* _Raw data_:
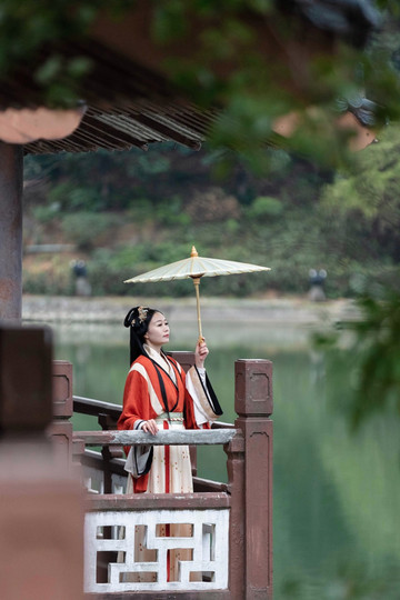 木龙湖很适合穿古装来拍照,游客不多的午后,走走停停,在不经意的角落,总有偶遇的惊喜与感动。
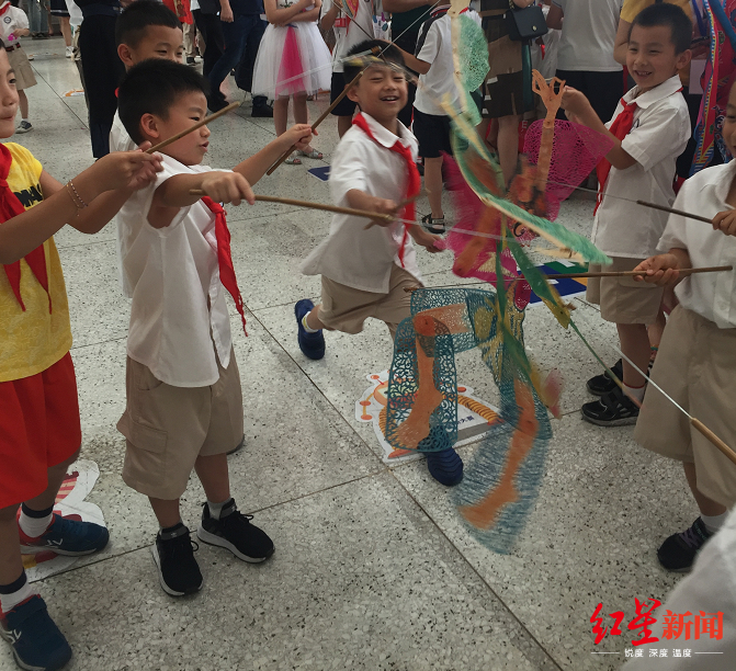 随后,成都市木偶皮影剧团带来了木偶长绸舞《人偶情韵》,令全场学生看呆了,甚至手里拿的糖画都忘了吃,目不转睛地盯着舞台上木偶长长的红绸舞动,观众席不时发出赞叹声和喝彩声。
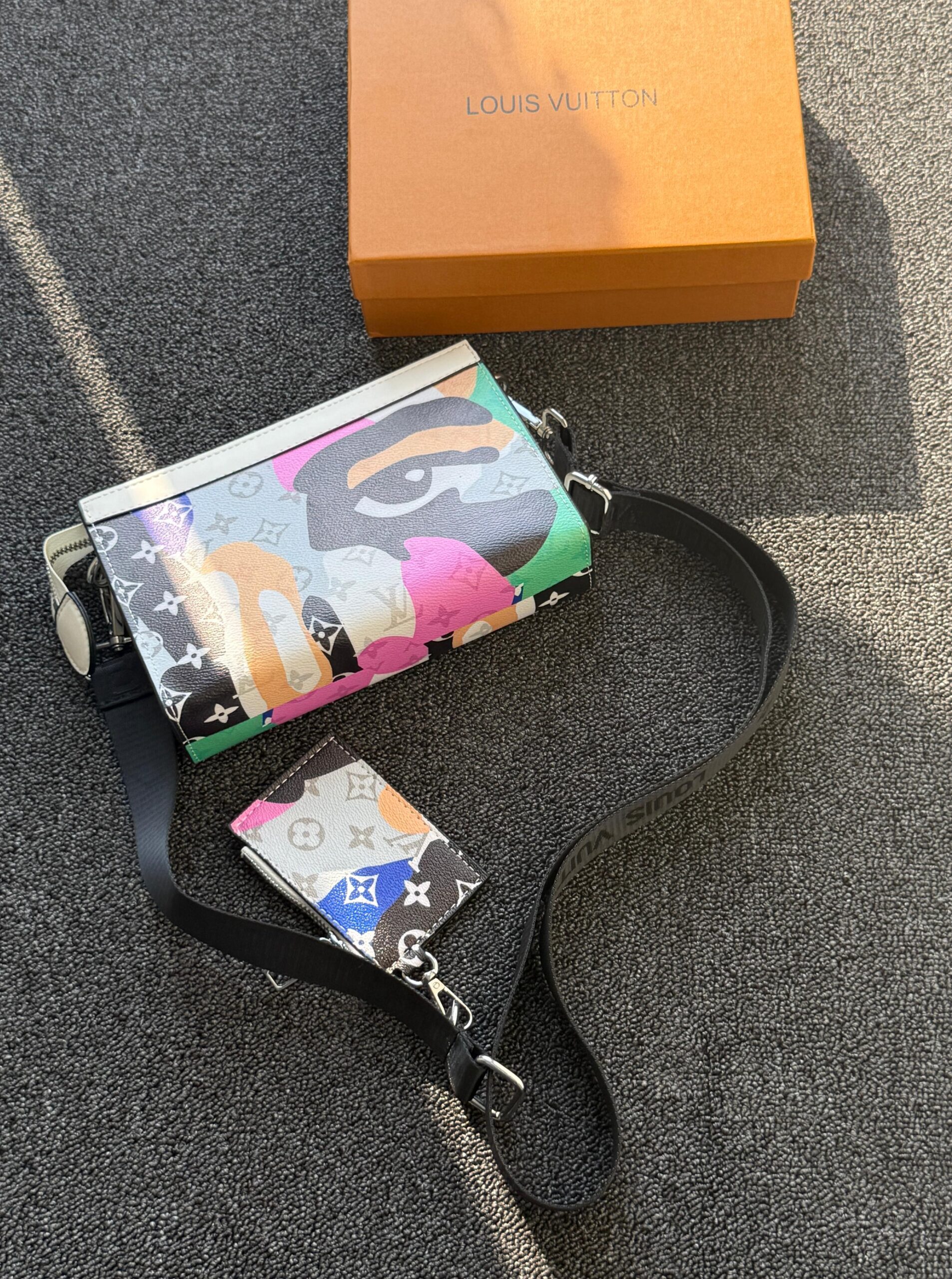 A vibrant Louis Vuitton crossbody bag featuring a multicolor abstract monogram design, paired with a matching card holder. The set includes a black adjustable strap and showcases bold, eye-catching artwork over the classic LV pattern, blending luxury with a modern artistic touch.

* _Exercise objective_:
Each line from the line containing "随后,成都市木偶皮影剧团带来" through the final line of the data above must be retyped exactly; nothing else, and no pictures, may appear.

* _Exercise answer_:
 随后,成都市木偶皮影剧团带来了木偶长绸舞《人偶情韵》,令全场学生看呆了,甚至手里拿的糖画都忘了吃,目不转睛地盯着舞台上木偶长长的红绸舞动,观众席不时发出赞叹声和喝彩声。
 A vibrant Louis Vuitton crossbody bag featuring a multicolor abstract monogram design, paired with a matching card holder. The set includes a black adjustable strap and showcases bold, eye-catching artwork over the classic LV pattern, blending luxury with a modern artistic touch.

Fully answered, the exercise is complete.